[RECORDED DATA Boundary: Start]

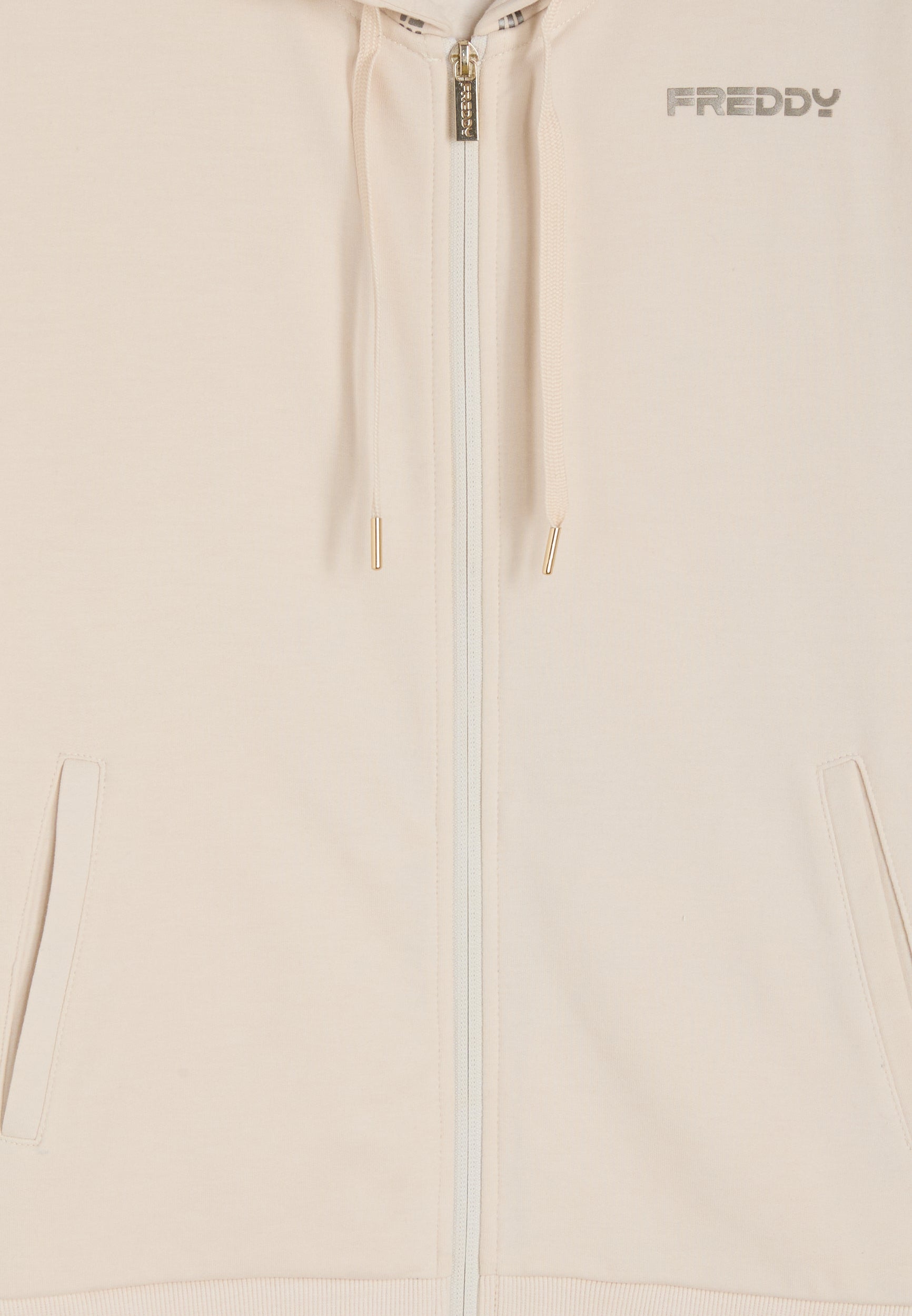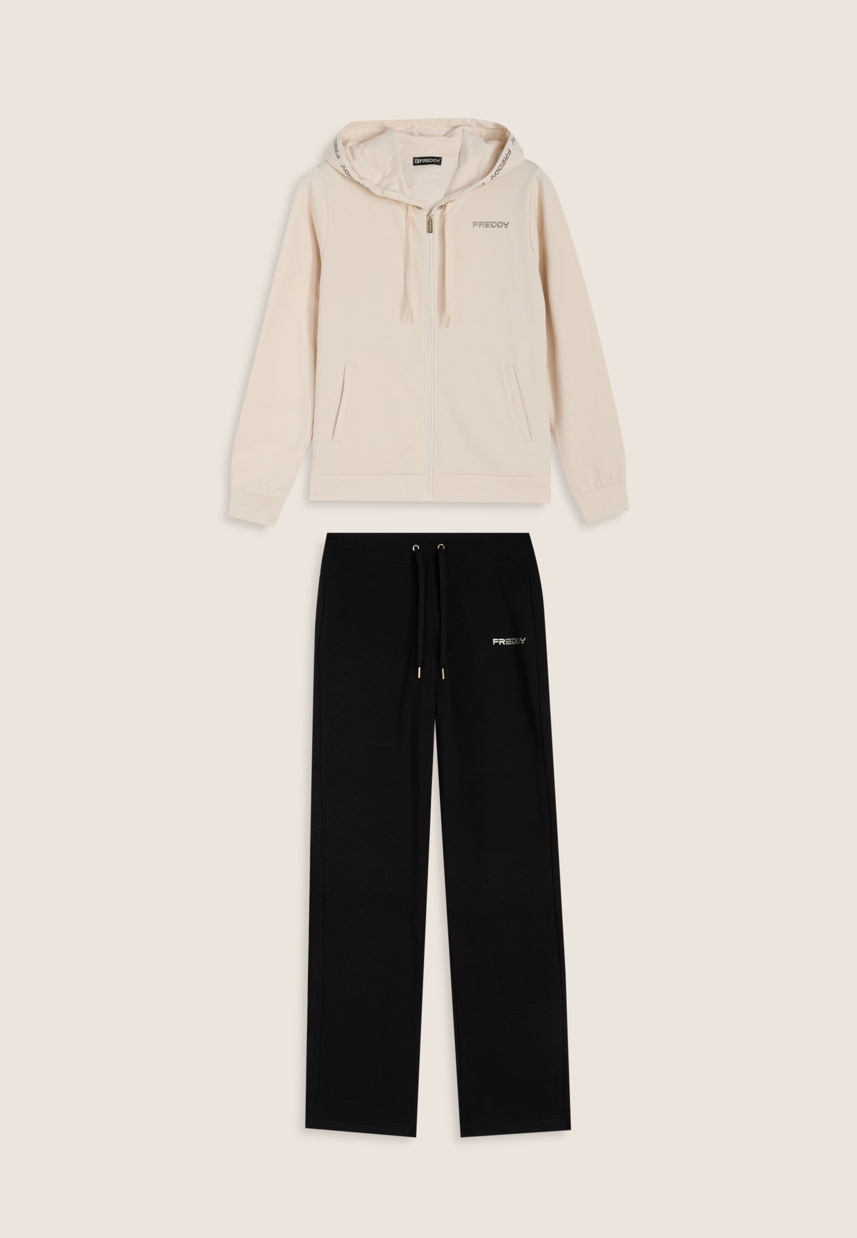 Dieser Trainingsanzug aus angerautem Stretch-Sweatshirtstoff sieht sportlich und lässig aus. Die Kapuzenjacke mit Reißverschluss und geripptem Bündchen hat eine verstellbare Kapuze mit Kordelzug, die mit weichem Jersey gefüttert ist. Die langen Ärmel haben Rippenbündchen für eine bessere Passform. Die Hose hat ein gerades Bein, einen gerippten Bund mit Kordelzug und eine bequeme Passform. Das goldfarbene Freddy-Logo ziert elegant den Rand der Kapuze, die linke Brustseite und die linke Seite der Hose. Der Hoodie ist mit praktischen und diskreten Leistentaschen ausgestattet.
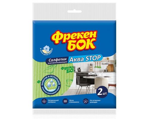 Вологопоглинаючі серветки Фрекен БОК АкваSTOP виготовлені з натурального матеріалу 100% целюлози. Відмінно вбирають вологу, не залишають розводів, ефективно справляються з різними забрудненнями. У вологому стані м'які і еластичні, при висиханні тверднуть, що перешкоджає розвитку бактерій і неприємних запахів.
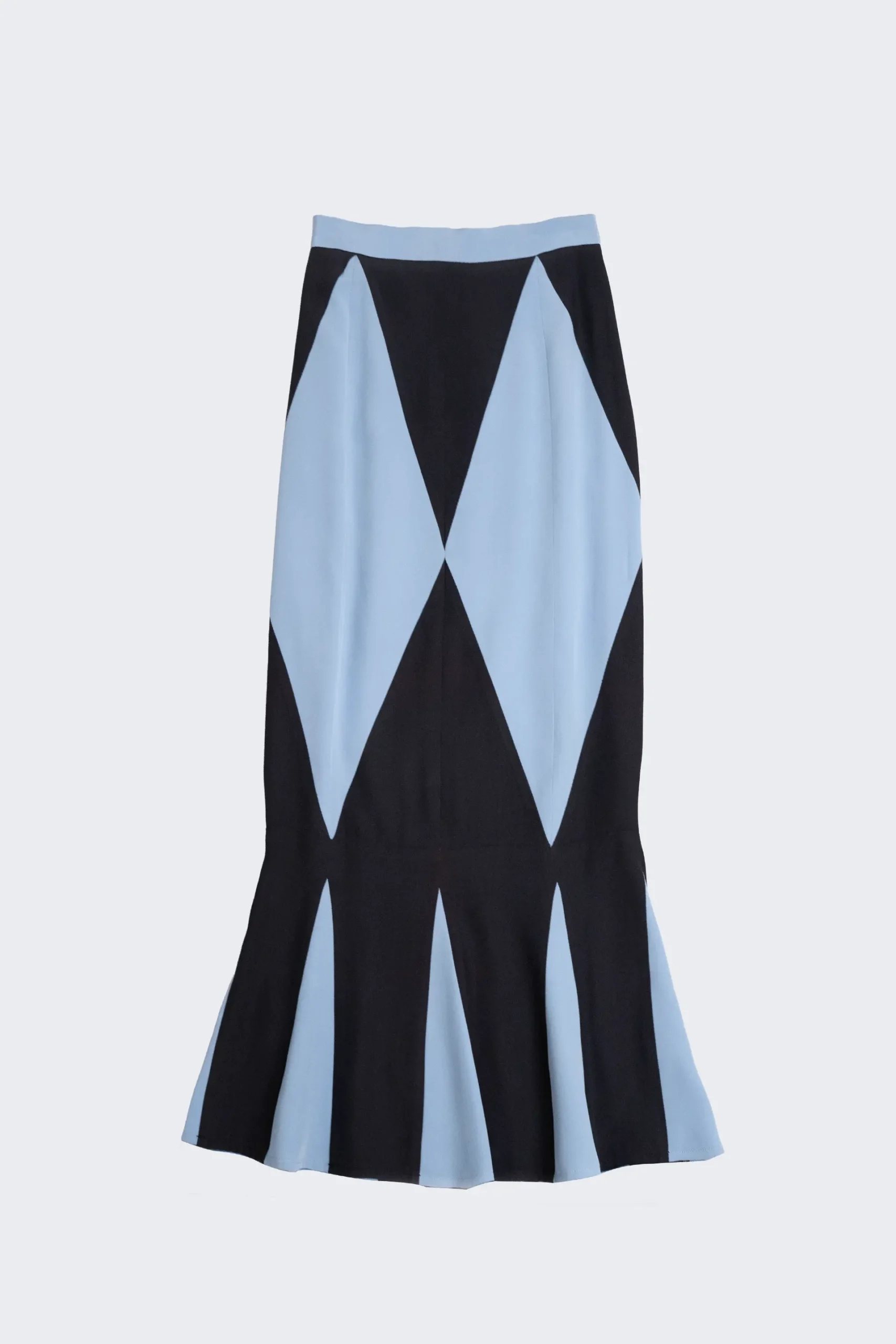 Gonna lunga fantasia a rombi in cadi di seta e tessuto antico. Ricerca grafica, fluidità e tradizione sartoriale.
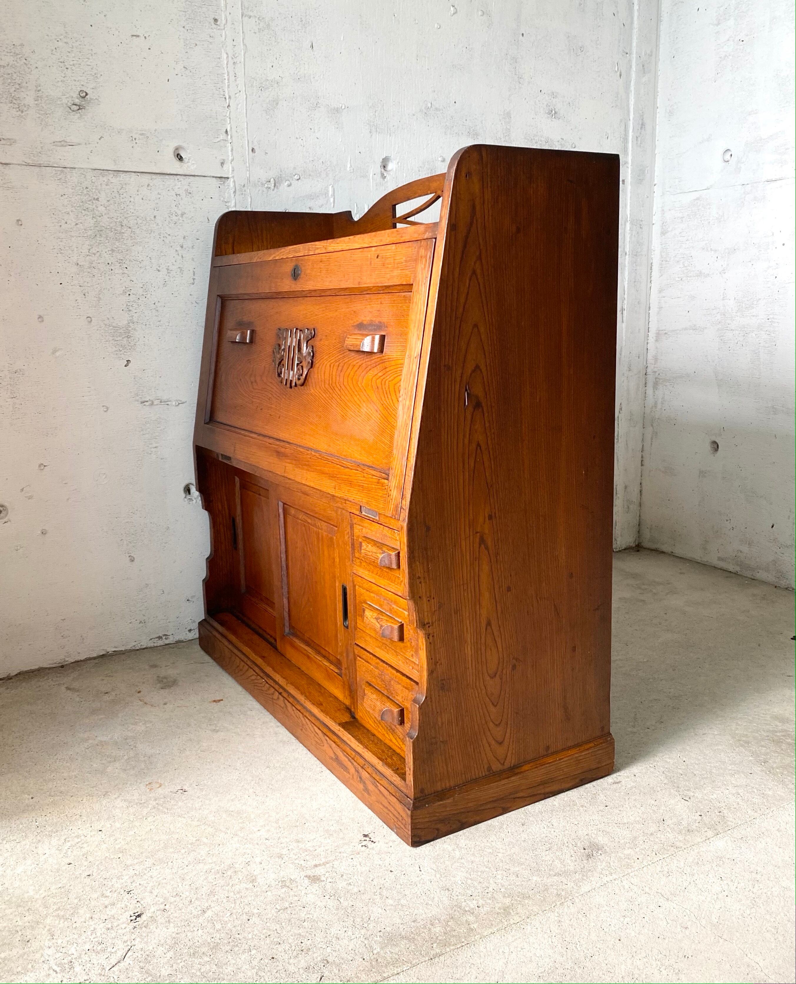 古い収納棚になります。スレや当たりキズ、禿げ、欠け、隙間、割れ、落としきれない汚れなどがあります。扉戸、引出しの開閉は比較的スムーズに行えます。全体的に状態も良いのでまだまだ活躍してくれます。

[RECORDED DATA Boundary: End]

### TASK REQUIREMENTS:
Transcribe, word for word, the lines of the listing above from the one that contains "Вологопоглинаючі серветки Фрекен" through the one that contains "Gonna lunga fantasia", keeping both ends and dropping the pictures.

### ANSWER:
 Вологопоглинаючі серветки Фрекен БОК АкваSTOP виготовлені з натурального матеріалу 100% целюлози. Відмінно вбирають вологу, не залишають розводів, ефективно справляються з різними забрудненнями. У вологому стані м'які і еластичні, при висиханні тверднуть, що перешкоджає розвитку бактерій і неприємних запахів.
 Gonna lunga fantasia a rombi in cadi di seta e tessuto antico. Ricerca grafica, fluidità e tradizione sartoriale.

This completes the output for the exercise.